相声,由液,在正常干细胞和肿瘤干细胞在肿瘤微环境(二者)到目前为止得到的关注更少。此外,没有出版物文献中解决在活的有机体内液的影响来源于二者和间充质干细胞(msc)长期肝细胞癌(HCC)的进展。中,我们假设液转移肝癌微环境细胞可以诱导或抑制肿瘤的生长和转移依赖于他们的来源。检查这一假设,我们研究了液的影响来自两个不同的干细胞数量,肝二者和骨髓(BM) msc,在老鼠和长期DEN-induced HCC进展相关的潜在机制。CSCs-exosomes诱导肝脏相对重量和血清水平大幅上升的癌症标记物(法新社和GGT)和肝酶(ALT、AST和高山),为肝癌标记GST-P强化免疫染色,增加肿瘤结节的数量和面积比肝癌大鼠注射PBS。CSCs-exosomes也减少细胞凋亡(的差别,对这些基因伯灵顿和p53和upregulationBcl2,增加增殖细胞核抗原)的免疫染色,增加angiogenetic活动(upregulation透露的VEGF),增强转移和侵袭性(upregulation P13K和ERK蛋白及其下游的目标MMP9的差别,对这些TIMP1)和诱导上皮间充质转变(增加血清和肝的TGF水平β1信使rna和蛋白质)。也值得注意的是,CSCs-exosomes高架HCC exosomal microRNA (miR) 21日exosomal长非编码RNA Tuc339(信号),lncHEIH, HCC lncHOTAIR和减少肝脏miR122和HCC大鹏(miR148a, miR16, miR125b)。所有这些细胞,功能和分子改变注入BM-MSCs-exosomes后逆转。然而,二者,MSCs-exosomes未能改变氧化应激升高或抑制抗氧化活动引起的肝细胞癌。总的来说,我们的研究结果显示肿瘤刺激效果(诱导肿瘤的生长、进展、转移)源自二者液和液的抑制作用来自msc。这些结果提供有价值的洞察力对二者的影响,MSCs-exosomes HCC生长和发展在活的有机体内,这可能有助于了解肝癌发展的机制。

1。介绍

肝细胞癌(HCC)是一个主要恶性肿瘤肝细胞和第三全球癌症死亡的最常见原因。尽管明显的肝细胞癌的诊断和治疗策略的进步在过去的几十年里,最大的5年生存率仍在晚期肝癌患者由于高转移和/或手术后的复发率(1]。过去的几十年里显示科学进步在解体肝癌的分子信号通路;然而,特定的HCC的调节机制仍不清楚。最近的研究表明,不同细胞之间的exosomal内容交换人口在肝细胞癌肿瘤微环境不仅可以有一个关键的角色在启动和维护也可能代表一种有效的生物标志物和治疗目标。

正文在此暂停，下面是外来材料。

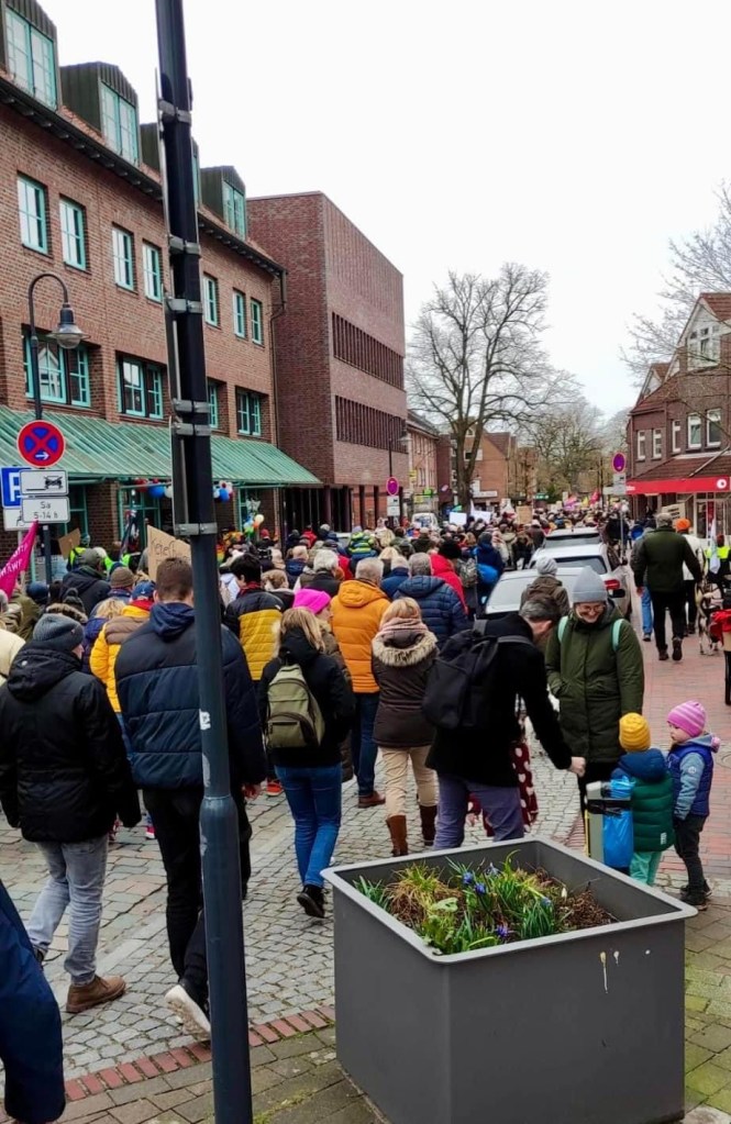 „Die Schätzungen von Polizei und Veranstaltern lagen zwischen 800 und 1200 Menschen, die am Sonnabend in Kaltenkirchen Haltung gezeigt haben – „gemeinsam stark für Demokratie und Vielfalt“, wie die Demo überschrieben war. Es war ein beeindruckend langer Zug, der sich am Nachmittag vom AKN-Bahnhofsplatz aus in Bewegung setzte. Und ein bunter dazu.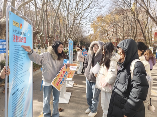 为加强学生法治素养,响应学校法治宣传教育月号召,11月28日,校学生会生活权益部在学校海韵厅门口举办“我为同学做实事 青春与法治同行”大学生法律指南宣传教育活动,吸引近200名学生踊跃参与。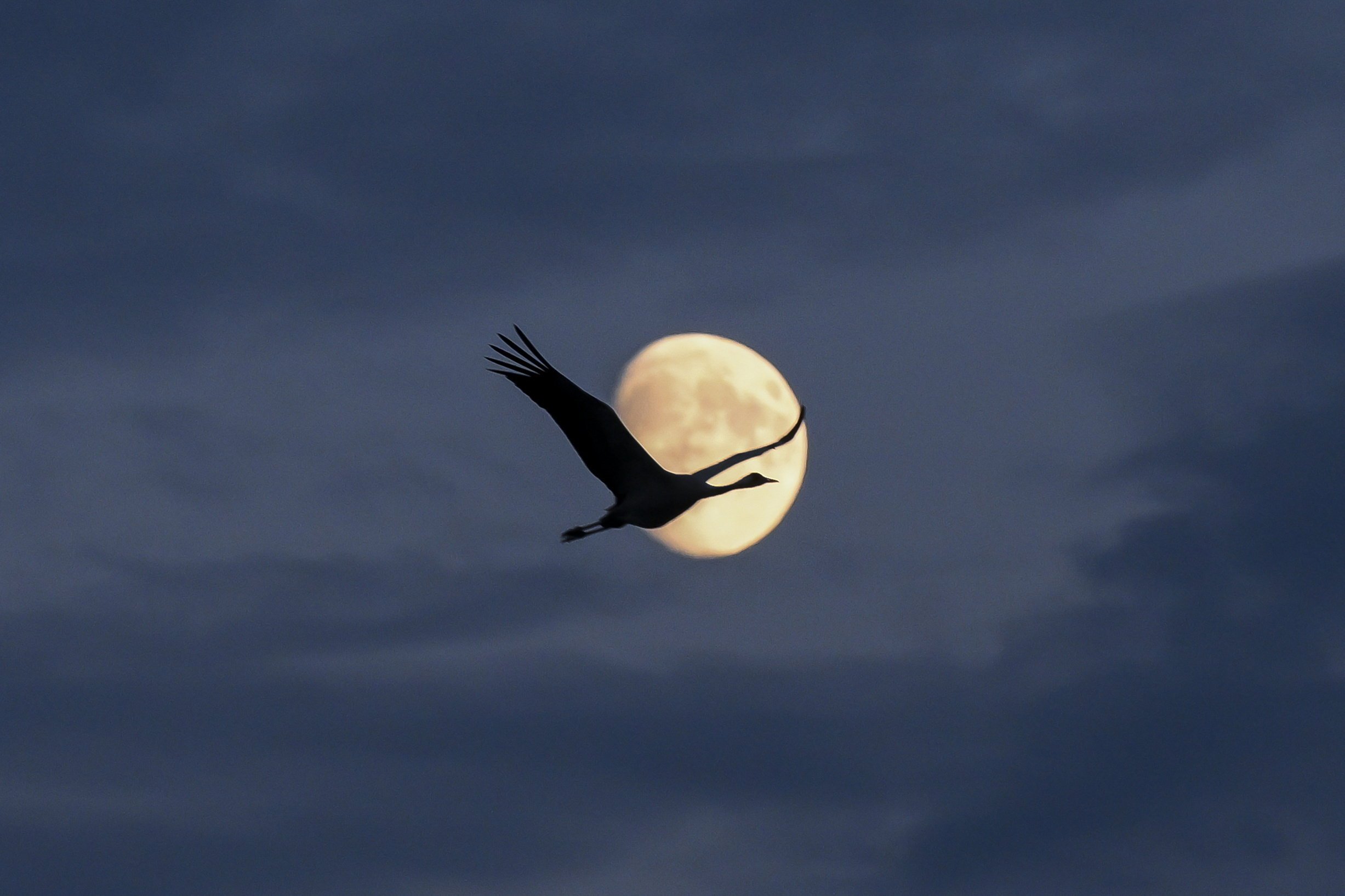 A common crane (Grus grus) flies above the Eastern reservoir at sunset near Balmazujvaros, eastern Hungary, 14 October 2024. (Photo by Zsolt Czegledi/EPA/EFE)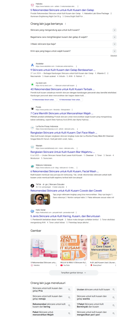 Kita akan menggunakan studi kasus berdasarkan analisis SERP yang saya lakukan sebagai contoh, dari keyword yang umum (skincare untuk kulit kusam dan gelap) hingga entitas spesifik yang mendominasi konten kompetitor.

液是细胞外的30 - 100 nm直径nanovesicles产生的几乎所有细胞类型(2]。类似于其他液,liver-derived液发挥重要作用在细胞间通信通过保证水平转移的核酸(即。信使RNA,微RNA (miR),长非编码RNA分子(lncRNA),循环DNA)和蛋白质之间的货物不同的细胞在肝脏(看过的3])。细胞相互作用受这些液扮演着关键的角色在肝脏内稳态4]。事实上,liver-derived液诱导肝细胞和cholangiocyte扩散受伤后5,6),可以激活星状细胞(7),和传播肝代谢酶(8]。相比之下,HCC exosomal货物和肿瘤微环境之间的相互作用参与肿瘤恶化,转移,化疗耐药性主要通过诱导免疫抑制和血管生成9,10]。大多数的这些exosomal货物(即。,miR18a, miR21, miR221, lncVLDLR, and lncTUC339) are enriched in HCC, with only few miRs (i.e., miR718) exhibiting a notable downregulation in HCC [11,12]。lncVLDLR介导抗化疗药物在肝细胞(13,14),而lncTUC339和lncHEIH与肝癌的发病和进展(12,15]。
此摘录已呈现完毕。